I have not tested every part of this but once you implement it you can post any errors here and I will help out best I can.
Don't forget to start all your pages with session_start(); just incase I forgot to add it to any of the pages. Also remember to change all your header locations.

Hope that gets you going.

Ray

Anonymous User · ‎04-28-2014

Ray that's great, I really appreciate it. I might use this and skip trying to auto-authenticate via Windows, just to simplify.

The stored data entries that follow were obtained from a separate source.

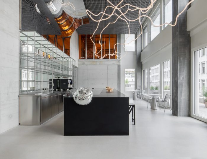 A pine tree is foraged and hung in the opening between two floors in the forest neighbourhood. In the bar a three dimensional tracking of a mountain run is manifested as a neon tube installation hovering from the ceiling. Topographic maps of the surrounding mountains are translated to a custom pattern for carpets and upholstered furniture in the conference area. Lunch meetings can be held in the glass block greenhouse filled with plants next to the canteen. The food served within On labs is plant based and the roof top garden offers plenty of herbs, berries and fruits.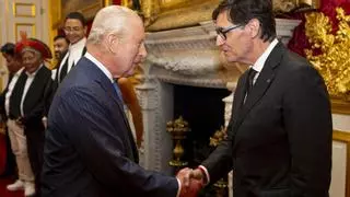 El rey Carlos III de Gran Bretaña saluda al presidente de la Generalitat, Salvador Illa. / AARON CHOWN / AFP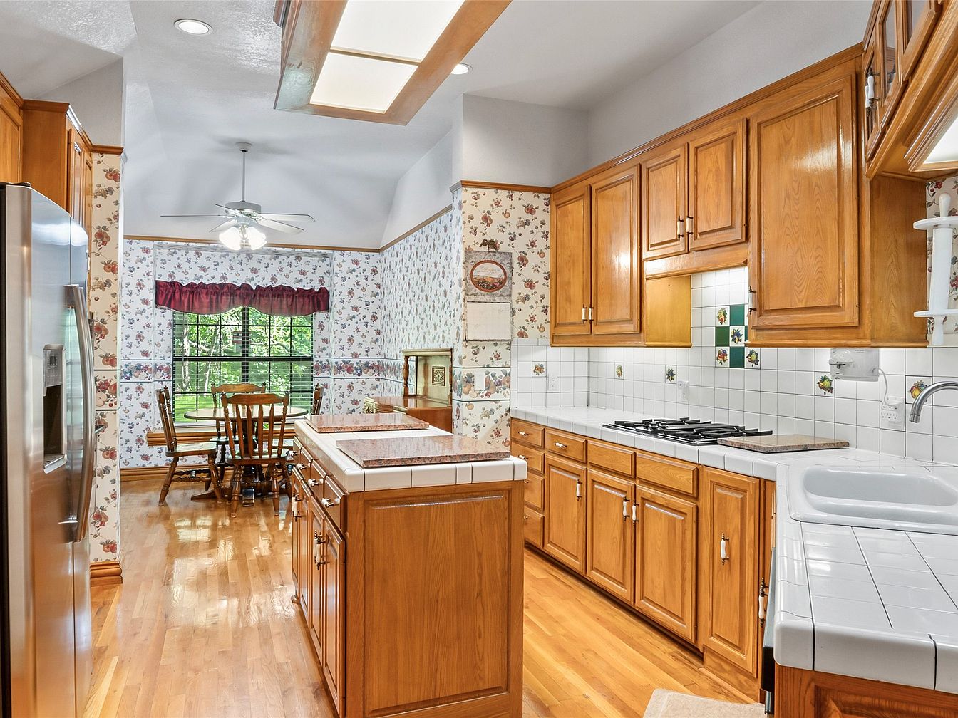 This warm, inviting kitchen features natural wood cabinetry with a honey finish, contrasted by white tile countertops and backsplash accented with colorful floral tiles. A centrally located island offers additional workspace and storage with a similar tile surface. The kitchen extends into a bright breakfast nook where a round wooden dining table and matching chairs sit beneath a ceiling fan with light. Walls are decorated with floral wallpaper bordered by coordinating trim, enhancing the cozy, classic aesthetic. Large windows with a red valance overlook a lush green outdoor view, filling the space with natural light and soft ambiance.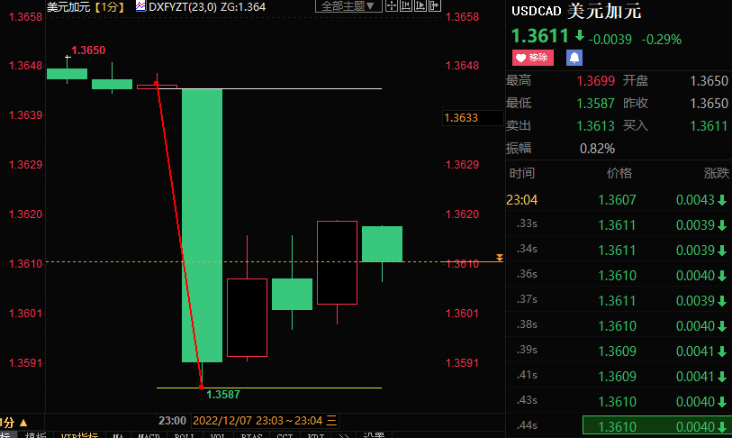 汇通财经APP讯——北京时间周三(12月7日)23点,加拿大央行如期加息50个基点至4.25%,加拿大央行“考虑”需要进一步加息以遏制通胀,但暗示明年经济停滞。截至发稿,美元兑加元跳水58个点至1.3...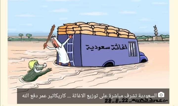 قام الوفد السعودي بالإشراف علي توزيع الإغاثة السعودية بأنفسهم، مؤكد بأن هذه الخطوة ماهي الإ مؤشر مهنم لعدم الثِقة الكافية في إيصال المناديب للإغاثة للمُستحقين من الطائرة مباشر للأماكن المتضررة بالسيول والأمطار بسبب عدم توفر الشفافية، لا مخازن لا جملونات ولا غيره، كاريكاتير أبرز العُقال يحمل عكازاً لِمناوشة التمساح البشري داخل المياه الذي كان ان يبتلع المعونة،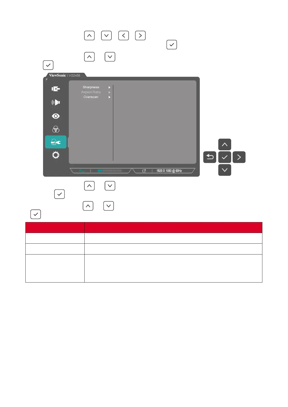 Sharpness Adjust the sharpness and picture quality of the monitor.

The login is working but I'm having trouble carrying the session variables over. When I put the PHP code in front of a protected website to run the 'login_check' function, I am able to log in (login.php) and get redirected back to the page but the $_SESSION is empty (it's failing at 'login_check' function), and I am then routed back to login again. I put 'session_start()" at the top of every page now, but its not seeming to store it.

RaymondGoins · ‎04-28-2014

Not sure if you copied and pasted everything but looking through my code I made a typo. 😞

do_login.php
[PHP]session_start();
require('functions.php');
// Process login
$postdata = $_POST;
do_login($postdata['username'], $postdata['password'], $postdata['redirect']);[/PHP]

This actually sends you in a loop because you would never get authenticated so the session is never set and you end up on the login page forever.

Let me know.

Ray

RaymondGoins · ‎04-28-2014

Also you do not need to put session_start() at the top of the functions.php page. since this is a required page the session has already been started by the parent page.

Ray

Anonymous User · ‎04-28-2014

I did catch that typo. I don't see the problem...If I don't redirect and just echo out the $_SESSION["IWPUser"] at the end of the login function, it shows up fine. As soon as I try to pass it to another page it disappears.